Since the shortest path is perpendicular, set the dot product of $\overrightarrow{AP}$ and the line's direction vector $\vec{b}$ to zero ($\overrightarrow{AP} \cdot \vec{b} = 0$).
Solve for $\lambda$, find the coordinates of $P$, and calculate the distance $d(A,P)$.

EXAMPLE 1 (Point to Line Calculation)

Determine the distance between $A(1,2,3)$ and line $L: \vec{r} = \begin{pmatrix} 5 \\ 7 \\ 9 \end{pmatrix} + \lambda\begin{pmatrix} 3 \\ 2 \\ 1 \end{pmatrix}$.

Foot $P$ has coordinates $(5+3\lambda, 7+2\lambda, 9+\lambda)$.

Calculate the vector $\overrightarrow{AP}$:

$\overrightarrow{AP} = \begin{pmatrix} 5+3\lambda-1 \\ 7+2\lambda-2 \\ 9+\lambda-3 \end{pmatrix} = \begin{pmatrix} 4+3\lambda \\ 5+2\lambda \\ 6+\lambda \end{pmatrix}$

Set $\overrightarrow{AP} \cdot \vec{b} = 0$:

$$\begin{aligned} 3(4+3\lambda) + 2(5+2\lambda) + 1(6+\lambda) &= 0 \\ 12 + 9\lambda + 10 + 4\lambda + 6 + \lambda &= 0 \\ 14\lambda + 28 &= 0 \\ 14\lambda &= -28 \\ \lambda &= -2 \end{aligned}$$

Substitute $\lambda = -2$ to find point $P(-1, 3, 7)$.

Calculate the distance:

$d(A,P) = \sqrt{(-1-1)^2 + (3-2)^2 + (7-3)^2} = \sqrt{4 + 1 + 16} = \mathbf{\sqrt{21}}$

2. Distance Between Two Lines

If the lines are parallel: Select a point on Line 1 and calculate its distance to Line 2 using the point-to-line method.

If the lines are skew: The shortest distance is a line segment perpendicular to both lines.

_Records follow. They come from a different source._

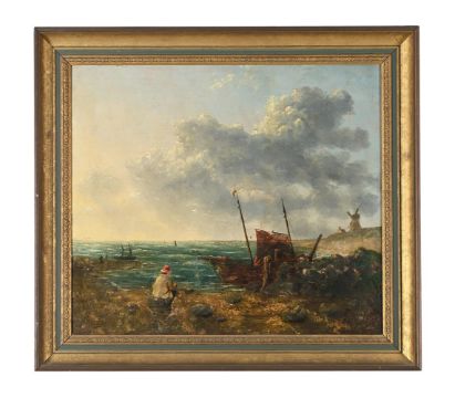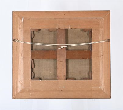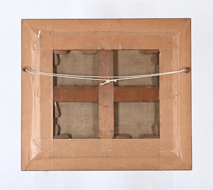 The canvas has been lined. Surface dirt and discolouration throughout. Craquelure is present, with some areas of slight paint separation. Scattered stains and minor flecks of paint loss. Inspection under UV reveals an unevenly applied cloudy varnish and a few scattered retouchings. Overall, this work would benefit from a clean.
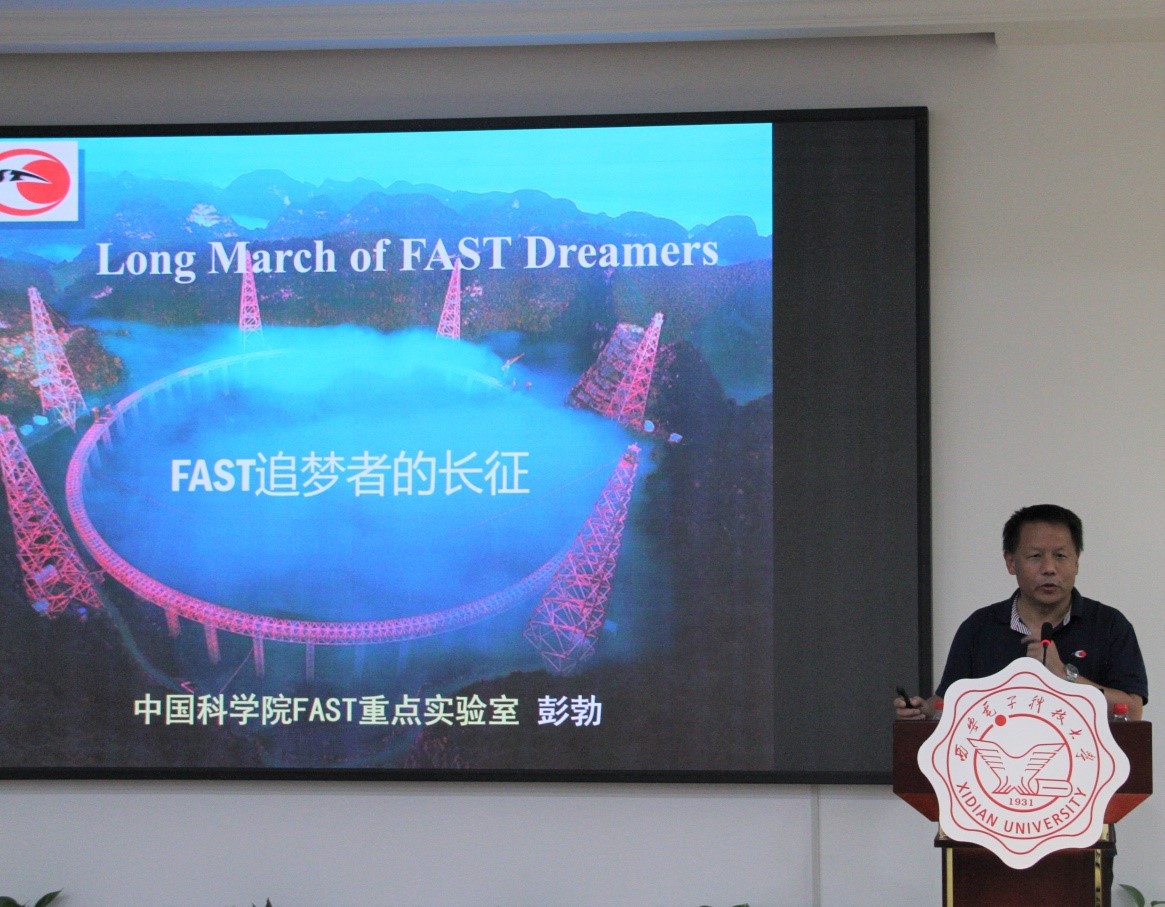 (通讯员 石佳佳) 7月5日,2026年世界杯官网在北校区“菲声493”学术报告厅举办“机遇”高峰论坛,中国科公司FAST重点实验室主任、贵州射电天文台台长彭勃研究员应邀作《FAST追梦者的长征》专题学术报告。2026年世界杯官网师生代表200余人参加报告会,报告会由公司执行经理黄进教授主持。
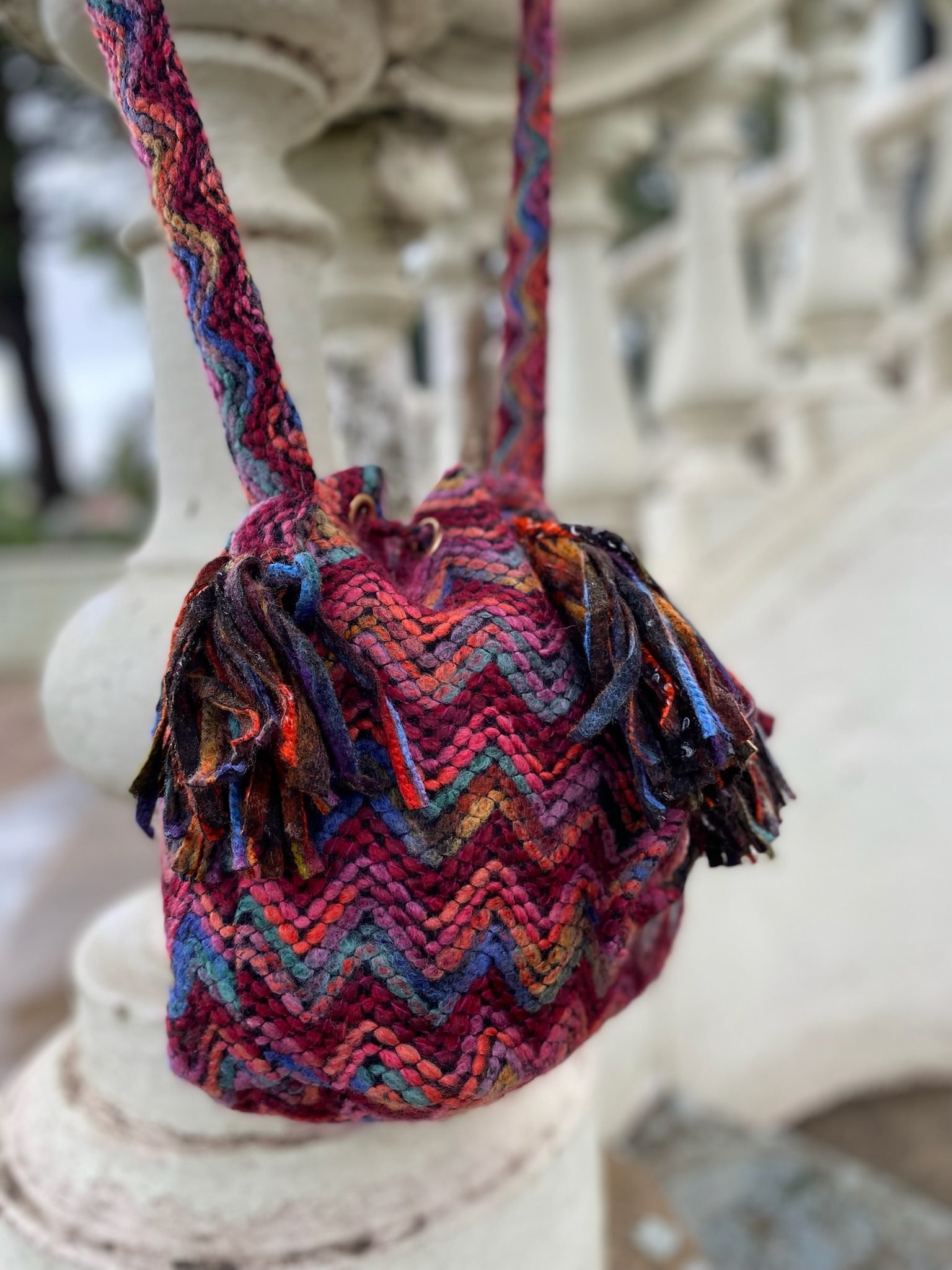 BOLSO MEDIANO TEJIDO AL TELAR. CON CIERRE Y CORREA DE LANA, DISEÑO ORIGINAL, PRÁCTICO Y MUY COMBINABLE.
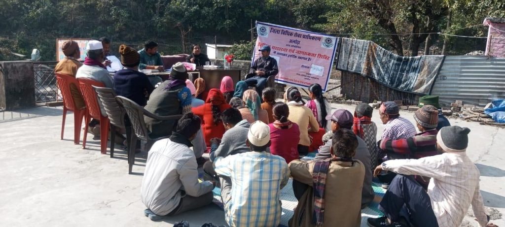 जागरूकता शिविर का आरम्भ नालसा थीम गीत ” एक मुठ्ठी आसमान “चलाकर किया गया। अल्मोड़ा की जिला विधिक सेवा प्राधिकरण की सचिव शचि शर्मा ने जन समुदाय को विधिक सेवा प्राधिकरण द्वारा चलाई जा रही विभिन्न योजनाओं के बारे में विस्तृत रूप से बताया।
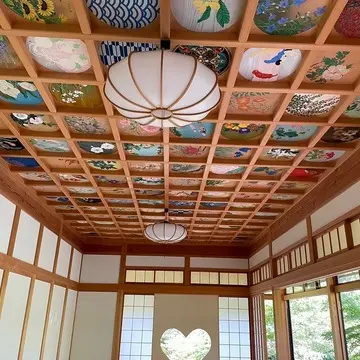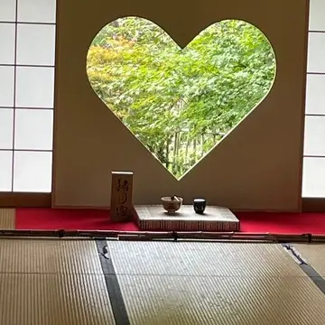 ハート形の窓からは四季折々の景色が楽しめます。天井画も素敵。
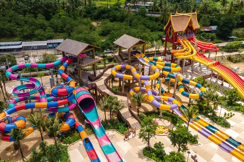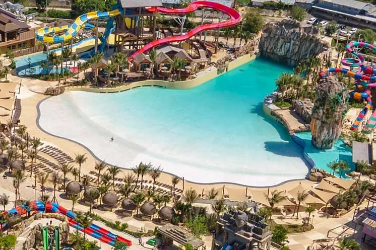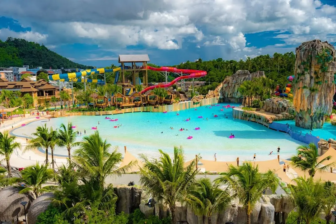 Facilities include a children’s zone, bridges, waterfalls, wave pool, floating market, restaurants, bars, and shops.
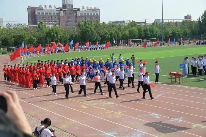 激情燃烧,活力绽放。5月17日上午8时,以“五育融合绽华彩,健康运动向未来”为主题的第十三届田径运动会开幕式于米乐官网操场隆重举办。渤海新区黄骅市人民政府副市长张桂云,米乐官网校长章梓茂,党委书记庞更新,副校长赵金楼,副校长王忆宁,以及各二级单位负责人出席此次开幕式。党委副书记吴立军主持本次开幕式。

This establishes two foot points, $P$ and $Q$.

EXAMPLE 2 (Distance Between Skew Lines)

Find the distance between $L_1: \vec{r} = \begin{pmatrix} 1 \\ 2 \\ 3 \end{pmatrix} + \mu\begin{pmatrix} 4 \\ 5 \\ 0 \end{pmatrix}$ and $L_2: \vec{r} = \begin{pmatrix} 5 \\ 7 \\ 9 \end{pmatrix} + \lambda\begin{pmatrix} 3 \\ 2 \\ 1 \end{pmatrix}$.

Define the points: $P(1+4\mu, 2+5\mu, 3)$ and $Q(5+3\lambda, 7+2\lambda, 9+\lambda)$.

Find the vector $\overrightarrow{PQ}$:

$\overrightarrow{PQ} = \begin{pmatrix} 4+3\lambda-4\mu \\ 5+2\lambda-5\mu \\ 6+\lambda \end{pmatrix}$

Set the dot products of $\overrightarrow{PQ}$ with both direction vectors to zero:

$\overrightarrow{PQ} \cdot \vec{b}_1 = 0 \implies 4(4+3\lambda-4\mu) + 5(5+2\lambda-5\mu) + 0 = 0 \implies 22\lambda - 41\mu = -41$

$\overrightarrow{PQ} \cdot \vec{b}_2 = 0 \implies 3(4+3\lambda-4\mu) + 2(5+2\lambda-5\mu) + 1(6+\lambda) = 0 \implies 14\lambda - 22\mu = -28$

Solving the system yields $\lambda = -\dfrac{41}{15}$ and $\mu = -\dfrac{7}{15}$.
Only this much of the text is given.